Немного потоптавшись на месте, человек уселся на землю, но не возле Кисса, а ближе к нам, на небольшом отдалении от огня. Кажется, подошедший немного побаивался Кисса, и оттого старался держаться на нашего товарища подальше. Если сейчас что пойдет не так, то, похоже, этот человек в любой момент готов сорваться с места и вновь убежать в темноту.
— Тебя как звать? — спросил Кисс на языке Нерга. — А то подошел, а как к тебе обращаться — не знаем. Меня звать Кисс, а у тебя какое имя?
Человек молчал, лишь исподлобья смотрел на нас. Может, он и человеческой речи не понимает? Хотя должен…
— А меня ты понимаешь? — спросила я его на языке Славии. — Я — Лия. Может, и ты назовешься?
Но тот по-прежнему молчал, лишь смотрел на нас.
— Может, ты знаешь мой язык? — спросила Марида на языке Харнлонгра, но и ей ответом было молчание.

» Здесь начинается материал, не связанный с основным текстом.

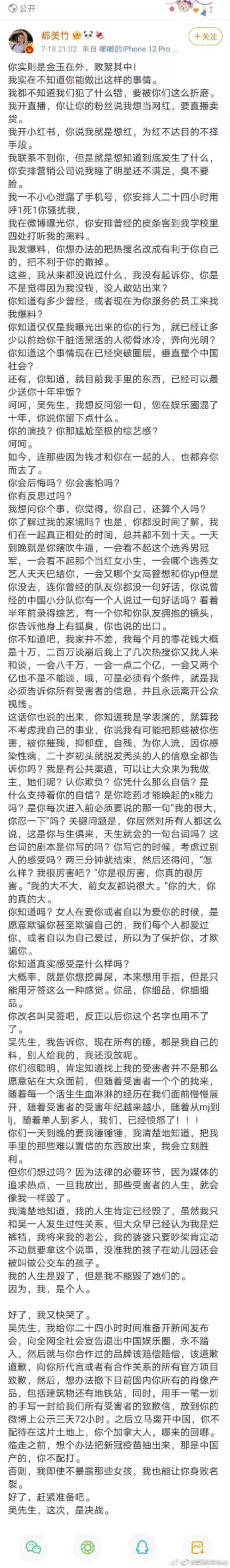 7月18日,都姑娘微博发起“决战”书,要求吴亦凡24小时内召开新闻发布会,向全网全社会宣告退出中国娱乐圈,解除所有商业合同,并手写道歉信向所有受害者道歉,还要他在微博公示道歉信72小时,小姑娘战斗力可谓爆表。

Мужчина продолжал смотреть на нас, чуть сощурив глаза от огня.
— Понимаешь, о чем мы тебя спрашиваем? — обратился к нему Кисс на языке Валниена. — Нет? Интересно, как тогда к тебе обращаться…
— Одиннадцатый… — внезапно произнес мужчина на языке Нерга, причем было такое впечатление, что говорить ему сложно или же непривычно. Он будто выталкивал из себя слова.

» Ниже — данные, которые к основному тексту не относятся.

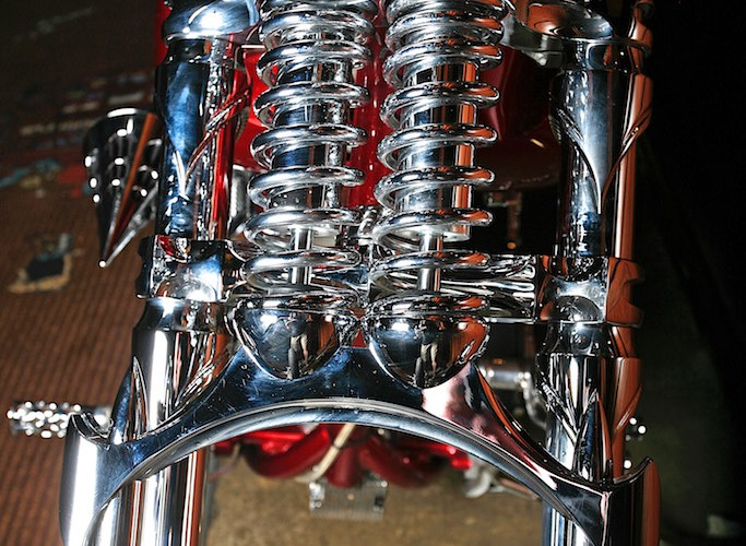 Pieter recruited the services of Brett from Hell Bound Choppers to help in the refurbishment. First changes were to be the front end. Pieter and Brett discussed using a Springer front but Pieter had issues with using a traditional Springer because he didn’t think it would be strong enough with the 39 degree rake. They decided to go with the American Suspension front end having to import one from the USA. At the time the Aussie dollar was at a crap 68 cents US so the front end blew out to a whopping $7,500 just to get it to our shores. Looking back at it Cas isn’t dirty but happy with the front end and says “it’s money well spent and there isn’t any around, so I’m happy!”

— Кто — одиннадцатый? — не понял Кисс. — Нас здесь всего трое, с тобой — четверо…
— Меня звать Одиннадцатый…
— А почему именно Одиннадцатый? — чуть удивленно спросил Кисс.

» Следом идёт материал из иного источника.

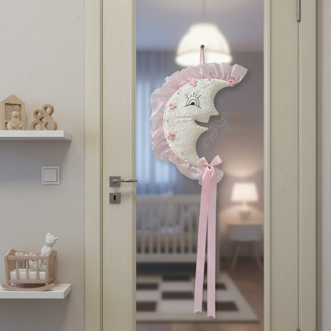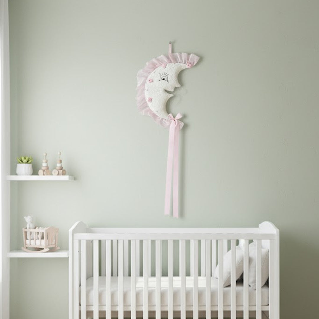 Diese liebevoll gestaltete Halbmond-Deko in zartem Rosa verleiht jedem Babyzimmer eine warme und beruhigende Atmosphäre.

— Не знаю… Мне сказали, что это и есть мое имя…
И в этот момент до меня донесся запах подгорающего мяса.
— Кисс, — ахнула я. — Кисс, мясо!..
— А!.. — Кисс вскочил с места, сдернул с огня ветрел, и, обжигаясь, снял с него поджарившиеся лепешки и чуть подгоревшее мясо. — Я с вами, болтушками, мясо чуть не проворонил!.. Сам уши развесил, хорошо еще, что не стал трещать, как некоторые… Ты есть будешь? — обыденно обратился Кисс к сидящему человеку.
— Что?
— Спрашиваю: ты с нами поешь? Все горячее, даже держать трудно…
— Что?
— Да ничего! Забирай свою порцию — и Кисс протянул сидящему горячую лепешку и чуть ли не половину чуть подгоревшего зайца. — В чем дело?
— Так это… На землю бросить надо…
— Не понял.
— Бросают на землю, а я подбираю… Из чужих рук брать нельзя…
— Это кто тебе такое сказал?
— Ну, там…
— Там, может, и нельзя, а здесь можно. И еду на землю бросать нельзя. Грех. Так что бери и не ломайся.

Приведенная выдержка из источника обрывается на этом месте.